Early evidence from Mississippi’s ledgers shows why many observers urge caution. After a surge of revenues in 2021 and 2022, fueled by recovery and federal stimulus dollars, state tax collections have started to slump. In the fiscal year that ended June 30, 2025, Mississippi collected about $7.64 billion in tax revenue, which was 0.83% less than the $7.70 billion collected the previous year. It’s only the sixth time since 1970 that Mississippi’s year-over-year tax revenue has declined. Mississippi tax revenue slumps, but the state still has money in the bank thanks to the feds, as federal support continues to play a stabilizing role in the state’s finances despite weakening collections.
However, that fiscal cushion may not last. Federal pandemic aid is waning, and Mississippi can no longer count on extraordinary influxes of outside money. The new Trump administration in Washington has also been moving to cut federal spending and even rescind some funds already allocated to states. That could further squeeze Mississippi’s finances.
“The fact that the state is receiving less money could be an early sign of recession, or that massive tax cuts passed in recent years and still being phased in are not stimulating economic growth like proponents hoped”, Mississippi Today reporter Taylor Vance observed.
Washington just turned up the heat on Mississippi’s tax gamble. On July 1, 2025, the U.S. Senate squeaked President Donald Trump’s 940-page “One Big Beautiful Bill” through on a 51-50 vote, with Vice President J.D. Vance breaking the tie. Both Mississippi senators, Roger Wicker and Cindy Hyde-Smith, backed the measure.

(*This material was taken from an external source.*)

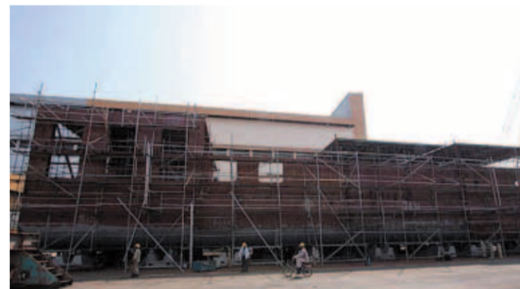
El caparazón. En los astilleros malasios de Lumut ya es visible el casco aún sin acabar del futuro barco hotel

Al concluir el interiorismo llegará la hora de navegar hasta su destino. La falta de potencia obligará a hacer trayectos cortos y se calcula que, según las condiciones del mar, el viaje se prolongará de un mes y medio a tres.●

At a protest in Washington before the vote, demonstrators carried cardboard coffins to represent the impact of the budget cuts. The nonpartisan Congressional Budget Office projected that nationwide, 11.8 million Americans would become uninsured by 2034 due to the Medicaid cuts and changes in the bill. Such figures hit home in Mississippi, where Medicaid is substantial for many low-income families and seniors.
For now, Mississippi officials remain publicly upbeat. The Joint Legislative Budget Committee will meet in the fall of 2025 to hear from state agencies and begin creating the next fiscal year’s budget. Those hearings will provide an early test of how the tax cuts are affecting revenue and whether state agencies start reporting funding strains. Education and healthcare leaders are expected to highlight needs that could clash with a shrunken revenue pool. The political debate will center on whether Mississippi’s economic direction is on the upswing.
Mississippi’s bold tax gambit is an experiment that other states and economists are watching closely. If business investment and jobs pour into the Magnolia State in the coming years, and if tax revenues hold steady despite lower rates, it will check the arguments of tax-cut enthusiasts. It could encourage similar moves in other states. But if MS state revenues decline and its budget deficit widens, forcing it to draw on reserves or cut government services, it would serve as a warning. As 2025 progresses, Mississippi’s economy and budget will show whether this bet pays off. The true impact, however, will become clearer in the years to come!